People can even participate in food and drink classes, which last year included a fermentation workshop, tasting, and potluck; mixology masters 101 and bartending 101 classes; brewing workshops; a class on creating vegan protein bars in a solar oven; vegan meal talks; and an urban farmer class to discuss sustainability in your yard.
Most participants come into contact with individual camps' generous sharing of grog and grist. But peek into Burning Man's underbelly and discover several camps working on large-scale meal operations. The largest is the commissary, a commercial kitchen that feeds thousands of volunteers responsible for building, operating, and tearing down the city. They work the gate, perimeter, department of mutant vehicles, airport, media center, emergency services, ranger and greeter duties, center camp café, technology, department of public works, and more.

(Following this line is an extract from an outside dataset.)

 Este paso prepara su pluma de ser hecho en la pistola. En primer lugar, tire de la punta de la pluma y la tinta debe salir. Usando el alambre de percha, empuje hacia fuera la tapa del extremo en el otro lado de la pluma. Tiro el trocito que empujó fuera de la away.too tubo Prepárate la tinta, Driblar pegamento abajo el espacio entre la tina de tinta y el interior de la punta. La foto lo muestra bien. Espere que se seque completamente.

"Up to about a month prior to the event, the commissary feeds 1,000 people per meal (breakfast, lunch, and dinner)," says Hayseed, a 32-year-old chef from North Dakota who has managed "employee" food services for the last two years. "That number drops off during the event because people often meet up with campmates. The commissary stays open about a week after the burn, too."

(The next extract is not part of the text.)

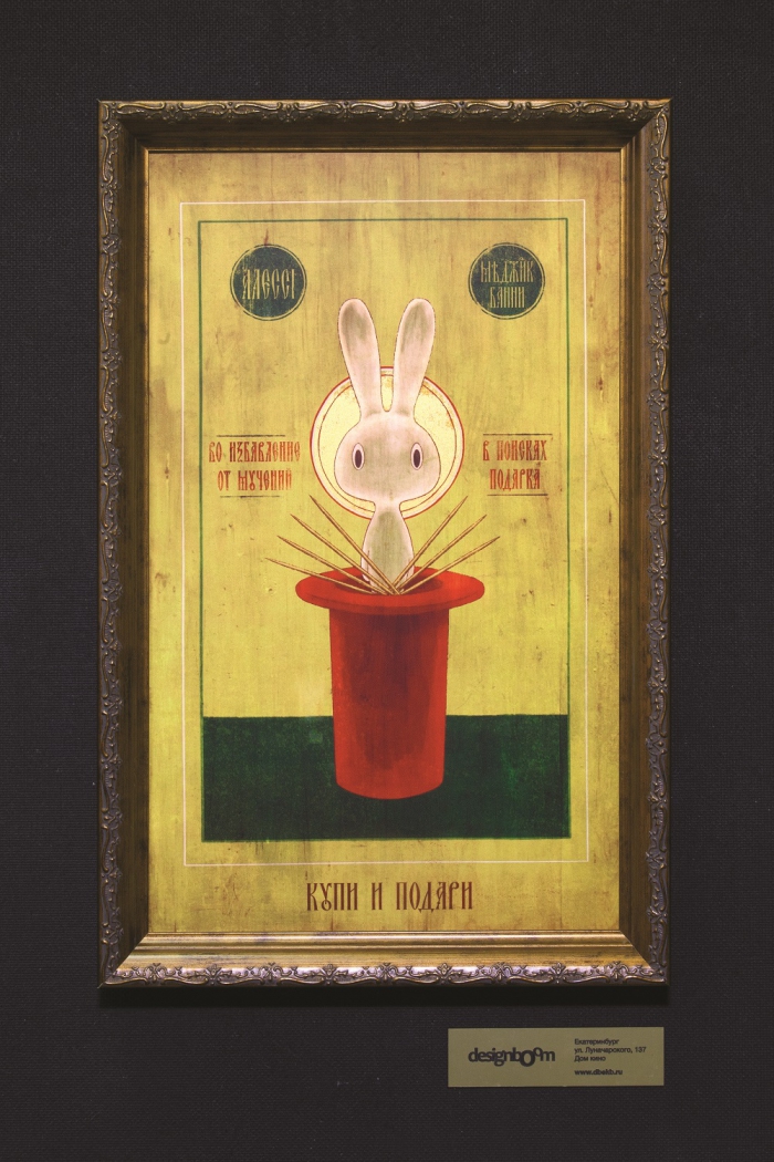 Агентство StreetArt в 2014 году разработало провокационную рекламную кампанию для дизайнерского магазина DesignBoom, продающего уникальные предметы интерьера, декора и подарки. Креаторы создали серию стилизованных под иконы рекламных плакатов и развесили их в лучших барах и ресторанах Екатеринбурга.

Shelley Gatchell, vice president of artist and tour catering at Spectrum Catering in Houston, was hired to manage the commissary for three years. A small group of Spectrum employees and an army of volunteers accomplish the feat of serving about 450 for breakfast, 780 for lunch, and 816 for dinner during the event, Gatchell says. In terms of meal planning, Gatchell tries to accommodate all diets, including vegans and those who are sensitive to gluten. She says she tries to source locally. Then Bonanza Produce in Reno and Sysco meet the rest of their needs.
Chefs also are pushing the limits of what it means to cook on the playa in the Feed the Artists camp, another large-scale food enterprise. Volunteers help prepare and serve food mostly to artists working on the giant art installations, including the temple. Last year, Red Lightning, a camp consisting of a series of connected tents and yurts run by Hare Krishnas, worked closely with Feed the Artists. Last year, Nitai das (Elisha Drury), founder of Krishna Kitchen (who passed away on Jan. 31 of this year), said that he was serving three meals a day for 250 people and occasionally preparing 600-people feasts, including chocolate pancakes, vegan specialties, 40 gallons of soup, and other lavish initiatives.
"A lot of effort goes into having a food camp," says Andie Grace, Burning Man communications manager. "There's the commissary that feeds workers, restaurant-style camps, and group camp dinners. Preparing a seven-course meal in the godforsaken desert is hard work."
Burning Man is an extraordinary experiment in temporary community. It is awe inspiring and one of the world's most unusual and progressive cultural festivals. But if you go, don't be a tourist. Participate, volunteer, bring something to share, make merry, and don't forget to sample the thoughtfully prepared food and drink.
Amanda Burden is publisher and editor of edible Reno-Tahoe and she will be making her seventh trek out to Burning Man this year.